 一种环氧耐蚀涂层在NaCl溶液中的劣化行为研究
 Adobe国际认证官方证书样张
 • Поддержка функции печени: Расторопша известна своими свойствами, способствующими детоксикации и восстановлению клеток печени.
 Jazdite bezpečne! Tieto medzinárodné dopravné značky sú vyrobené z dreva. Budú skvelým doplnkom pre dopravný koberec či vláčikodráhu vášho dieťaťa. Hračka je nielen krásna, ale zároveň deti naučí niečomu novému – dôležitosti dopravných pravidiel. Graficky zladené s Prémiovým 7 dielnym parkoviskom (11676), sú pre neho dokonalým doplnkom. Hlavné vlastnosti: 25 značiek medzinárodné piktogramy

--

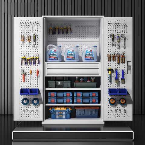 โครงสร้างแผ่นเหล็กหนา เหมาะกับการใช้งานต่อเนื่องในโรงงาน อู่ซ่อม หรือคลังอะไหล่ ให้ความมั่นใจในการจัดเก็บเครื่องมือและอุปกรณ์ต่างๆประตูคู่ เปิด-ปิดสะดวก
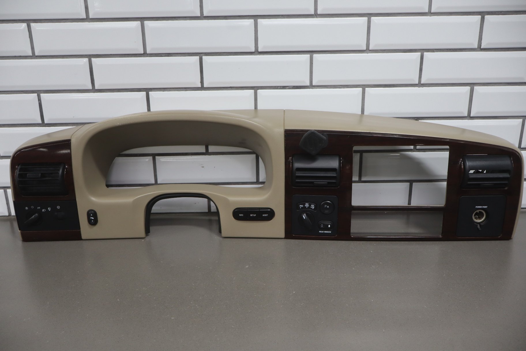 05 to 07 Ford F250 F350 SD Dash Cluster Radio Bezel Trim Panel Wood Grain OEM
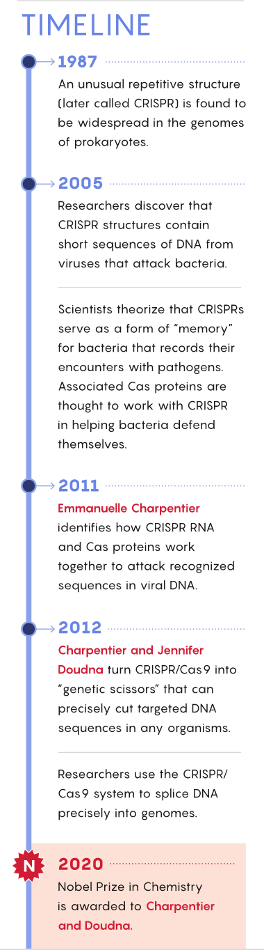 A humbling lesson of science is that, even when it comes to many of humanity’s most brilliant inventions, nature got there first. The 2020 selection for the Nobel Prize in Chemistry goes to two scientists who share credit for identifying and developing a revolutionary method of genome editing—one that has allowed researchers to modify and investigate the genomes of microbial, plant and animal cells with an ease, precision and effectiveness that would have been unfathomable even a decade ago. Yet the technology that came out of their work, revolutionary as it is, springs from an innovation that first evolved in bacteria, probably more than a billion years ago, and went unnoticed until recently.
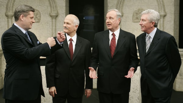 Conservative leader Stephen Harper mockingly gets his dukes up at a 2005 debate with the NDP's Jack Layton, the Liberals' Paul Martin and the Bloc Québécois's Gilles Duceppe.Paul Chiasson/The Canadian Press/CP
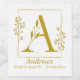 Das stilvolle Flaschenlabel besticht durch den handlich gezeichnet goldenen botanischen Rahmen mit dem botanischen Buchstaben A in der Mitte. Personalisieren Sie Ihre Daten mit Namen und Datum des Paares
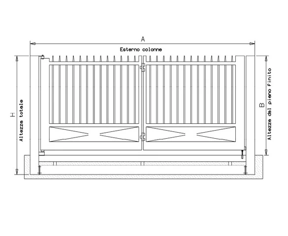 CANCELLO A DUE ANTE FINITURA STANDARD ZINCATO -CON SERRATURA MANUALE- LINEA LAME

WHAT TO DO -> Could you return exactly the lines above from the line with "восстановлению клеток печени." to the line with "Jazdite bezpečne! Tieto", both included, and nothing else?

WRITTEN RESPONSE ->
 • Поддержка функции печени: Расторопша известна своими свойствами, способствующими детоксикации и восстановлению клеток печени.
 Jazdite bezpečne! Tieto medzinárodné dopravné značky sú vyrobené z dreva. Budú skvelým doplnkom pre dopravný koberec či vláčikodráhu vášho dieťaťa. Hračka je nielen krásna, ale zároveň deti naučí niečomu novému – dôležitosti dopravných pravidiel. Graficky zladené s Prémiovým 7 dielnym parkoviskom (11676), sú pre neho dokonalým doplnkom. Hlavné vlastnosti: 25 značiek medzinárodné piktogramy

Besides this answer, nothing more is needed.